Geographically, Malaysia remained HSS Engineers’ core market, contributing RM42.6 million, or 92.6% of total revenue, underscoring the group’s strong domestic presence.

The Philippines led overseas revenue contributions at RM2.8 million, followed by India at RM0.6 million, reflecting HSS Engineers’ regional footprint.

As of March 31, 2026, the group’s unbilled order book stood at RM2.1 billion, providing earnings visibility for up to 8 years.

Project management accounted for 80.5% of the total order book, followed by engineering design at 13.3% and construction supervision at 5.8%.

In addition, the group’s active tender book stood at RM525.0 million, supporting continued opportunities for order replenishment.
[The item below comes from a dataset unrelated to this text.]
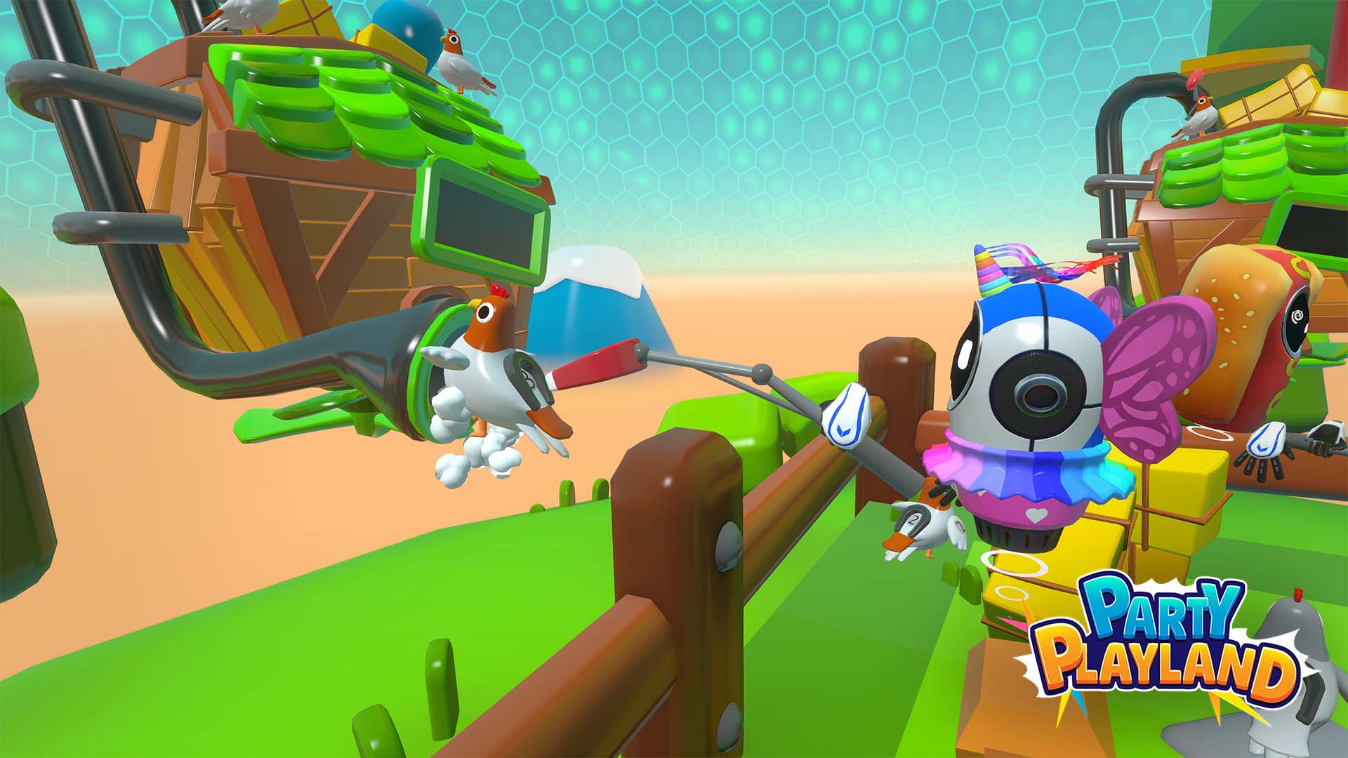 In this family-friendly party game experience, you are transported to a colorful world where you and your friends will compete to become the latest and greatest Party Champion. Discover a freeroam VR playground like never before ! Each mini-game offers a unique challenge and adventure. Whether you’re casting your fishing rod to snag chickens, squashing invading crabs, avoiding traps, and more. Every round promises thrills and laughter. Party Playland guarantees an unforgettable party experience filled with endless fun and excitement!

Commenting on the group’s performance and outlook, executive vice chairman Tan Sri Ir. Kuna Sittampalam said the group remained well-positioned to benefit from Malaysia’s accelerating infrastructure development cycle.

He said the Budget 2026’s RM81 billion development expenditure allocation, complemented by approximately RM50 billion from government-linked investment companies and government-linked companies, brings total estimated development-related spending to RM131.3 billion.

It is expected to create a highly favourable operating environment across the transportation, water, rail, and renewable energy sectors.

“The group continues to execute key national infrastructure projects, including East Coast Rail Link, Pan Borneo Sabah Highway (Phase 1A), Klang Valley Double Tracking Phase 2, and multiple PAAB water infrastructure assignments.

“Internationally, HSS Engineers is expanding its presence through strategic consultancy roles in India and the Philippines and is progressing two renewable energy projects, a 95MW large-scale solar plant project in Hilir Perak and a 29.99MW solar plant project in Kedah, which are expected to contribute positively to long-term recurring income,” he said.

Looking ahead, the group remains encouraged by the strong infrastructure spending outlook in Budget 2026 and expects continued opportunities arising from public infrastructure investments, private-sector participation, and technology-enabled engineering solutions.